ACTION ITEM: Would you return the listing exactly as written, apart from its pictures?

DATA SHOWN:
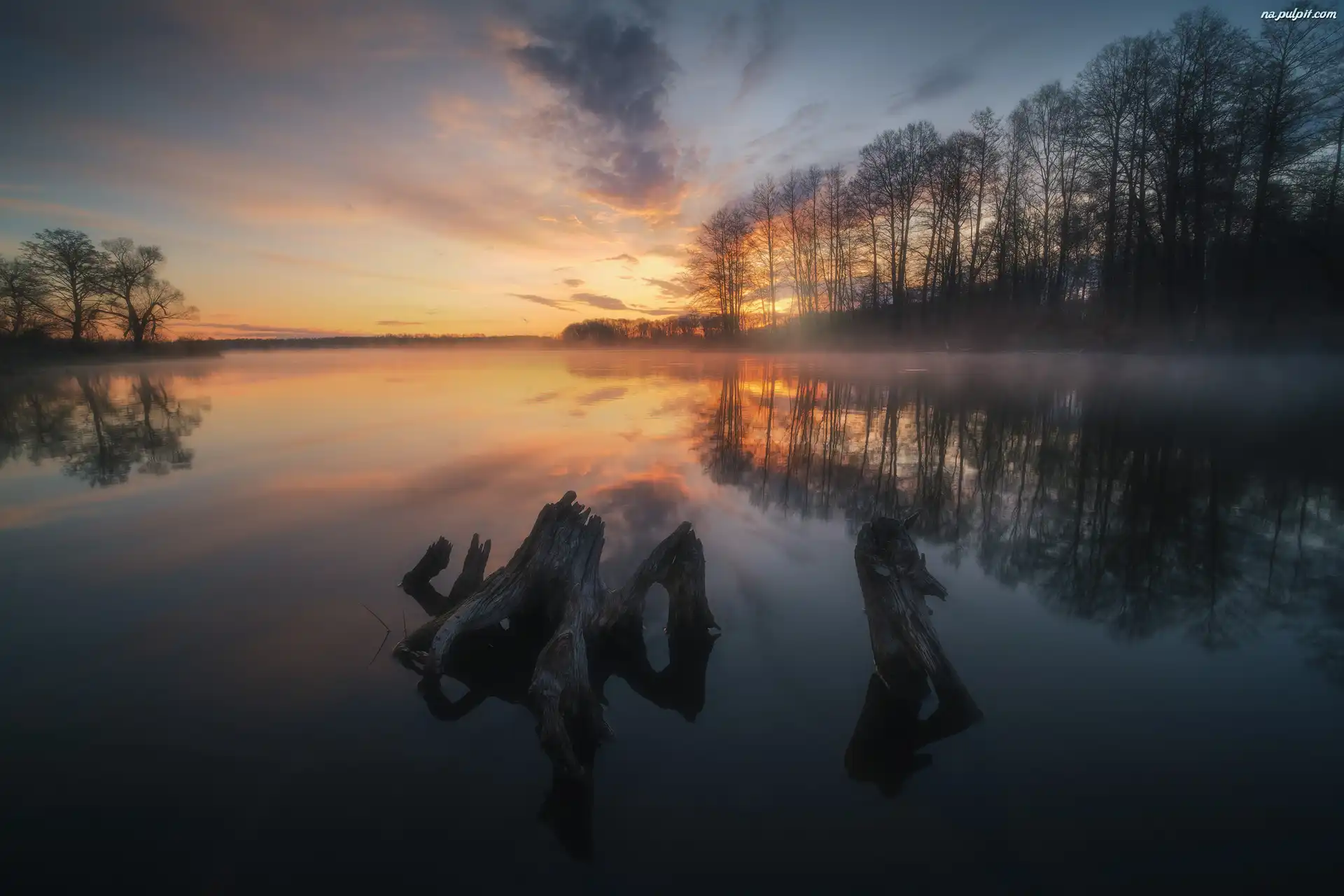 Mgła, Drzewa, Konary, Jezioro, Zachód słońca Na Pulpit
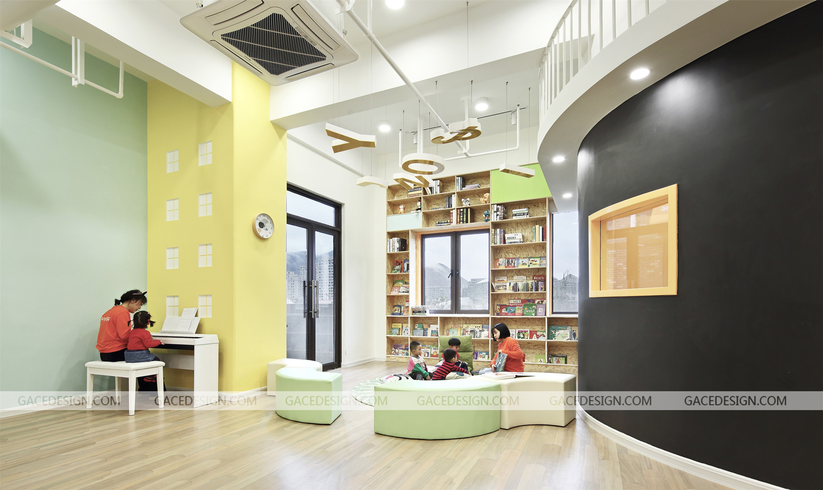 層高:早教中心教室的層高,從3米一直到4米,在不斷增加。高大的空間,優(yōu)越的采光條件,使得早教中心更加通透、舒適。而隨著層高的增加,可以在室內(nèi)架設(shè)閣樓,將睡眠室放到上面,節(jié)約空間。這是層高增加的非常重要的一個(gè)因素。但層高不能超過(guò)4.5米,過(guò)高容易導(dǎo)致幼兒心理不舒服;同時(shí)降低采暖、制冷效率,浪費(fèi)能源。
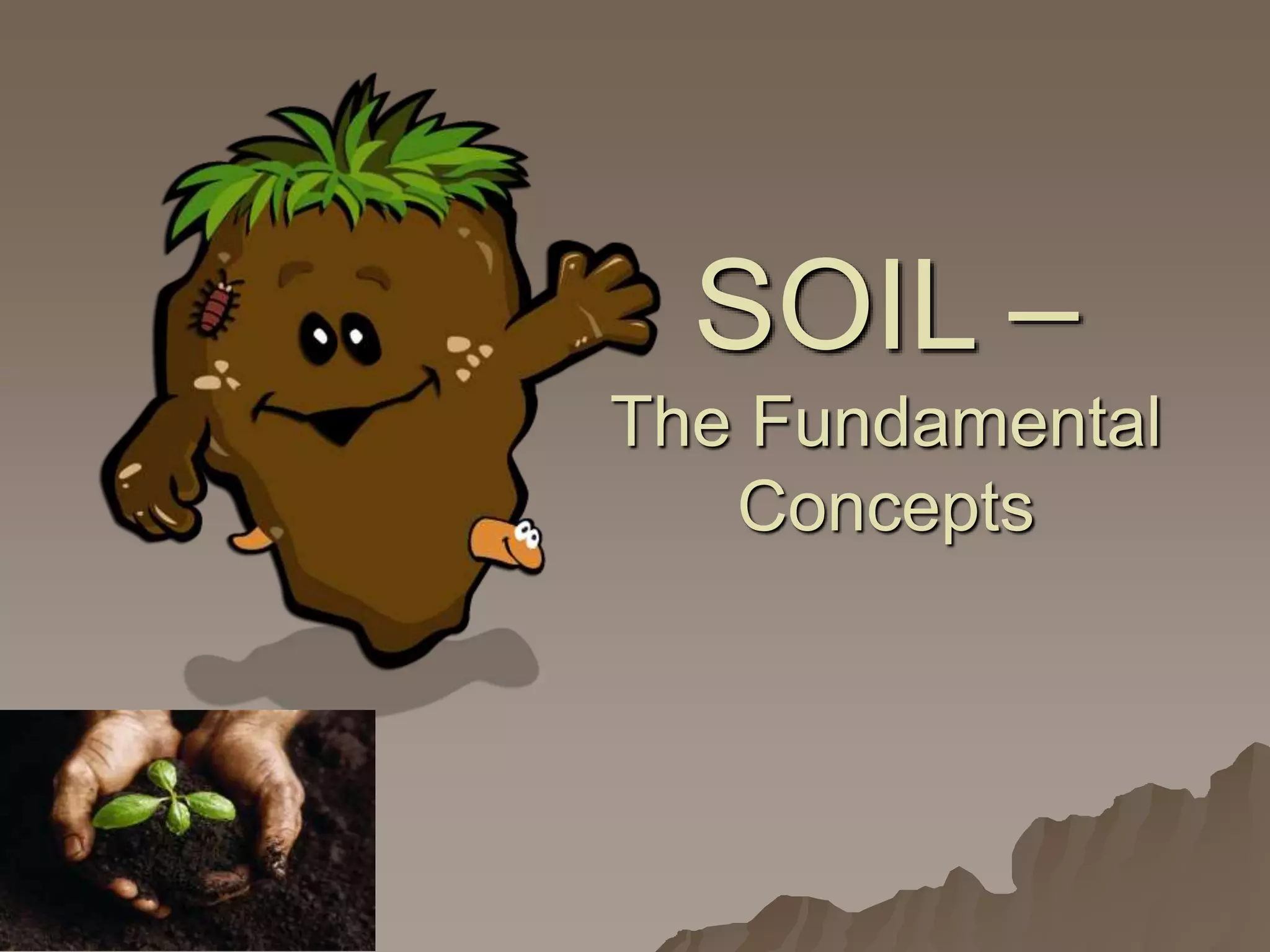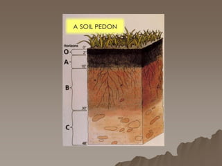 The document discusses the key components of soil, including minerals, water, air, organic matter, and microorganisms. It defines soil based on its geologic, traditional, taxonomic definitions. Soil is made up of horizons like O, A, E, B, C. Factors like parent material, climate, organisms, topography, and time affect soil formation. The document also outlines different types of soil structures and the 12 orders of soil geography.

RESULT:
 Mgła, Drzewa, Konary, Jezioro, Zachód słońca Na Pulpit
 層高:早教中心教室的層高,從3米一直到4米,在不斷增加。高大的空間,優(yōu)越的采光條件,使得早教中心更加通透、舒適。而隨著層高的增加,可以在室內(nèi)架設(shè)閣樓,將睡眠室放到上面,節(jié)約空間。這是層高增加的非常重要的一個(gè)因素。但層高不能超過(guò)4.5米,過(guò)高容易導(dǎo)致幼兒心理不舒服;同時(shí)降低采暖、制冷效率,浪費(fèi)能源。
 The document discusses the key components of soil, including minerals, water, air, organic matter, and microorganisms. It defines soil based on its geologic, traditional, taxonomic definitions. Soil is made up of horizons like O, A, E, B, C. Factors like parent material, climate, organisms, topography, and time affect soil formation. The document also outlines different types of soil structures and the 12 orders of soil geography.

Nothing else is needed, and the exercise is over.